В полутемной библиотеке висели старинные картины с предками. В центре стены – огромный конный портрет знаменитого прадедушки, маршала Франции Мориса Саксонского, обвешанного с головы до ног орденами и лентами. О нем говорили, что он такой же безрассудно смелый, как и веселый. Маршал полагал, что французы побеждают только тогда, когда весело идут в наступление. Вероятно, от него пошел анекдот о том, что у истинного французского солдата в складном перочинном ножике должно быть двадцать видов штопоров для вина и один ма-аленький белый флажок. Вот это я понимаю, верная философия! Дедуля-приколист, одним словом. Похоже, Жорж в него пошла, такая же неунывающая штучка.

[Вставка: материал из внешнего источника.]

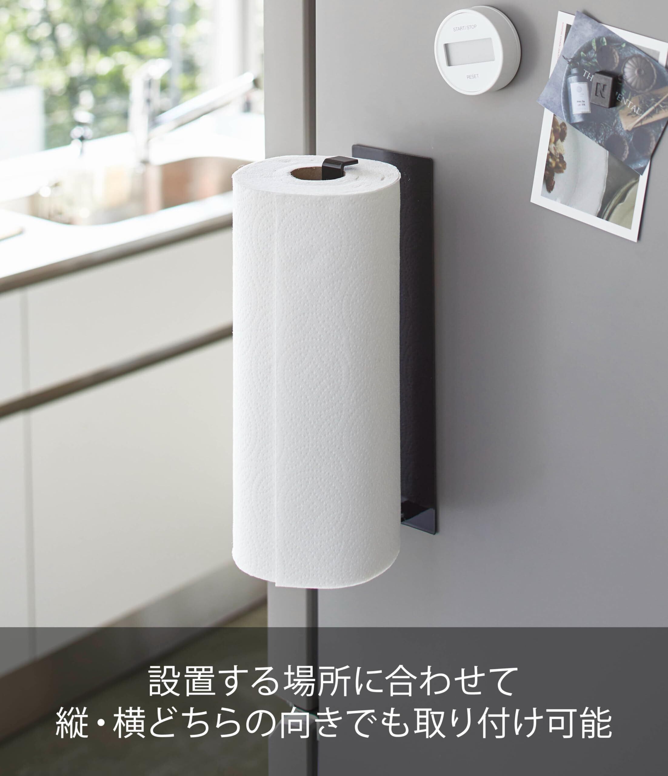 山崎実業(Yamazaki) マグネット キッチンペーパーホルダー ワイド ブラック 約W8XD7.5XH29cm タワー 大判タイプ対応 5217

Я подошла к шкафам, почесала в затылке – а мадам любит почитать… Пять огромных стеллажей, заполненные книгами! Ну, а с другой стороны, что прикажете делать людям, если нет под рукой интернета? Так даже интересней – почувствовать в руке «вес» того или иного шедевра, можно даже ощутить запах кожаного переплета и жестких страниц… Но я отвлеклась.
Здесь было собрание сочинений месье Бальзака и Сен-Симона, которые повлияли на творчество Санд. А вот и Пьер Леру, он ратовал за равенство полов в любви и браке. Хм, Жорж – его явная и слишком уж рьяная последовательница. Дальше – сочинения Мюссе, кстати, и после разрыва она все еще его читает, молодец. А вот Гюго не нашла, хотя я сама его люблю, особенно «Человека, который смеется». Но, видать, такой мрачный взгляд на жизнь Жорж не поддерживает. Однозначно, сказывается прадедушкин оптимизм.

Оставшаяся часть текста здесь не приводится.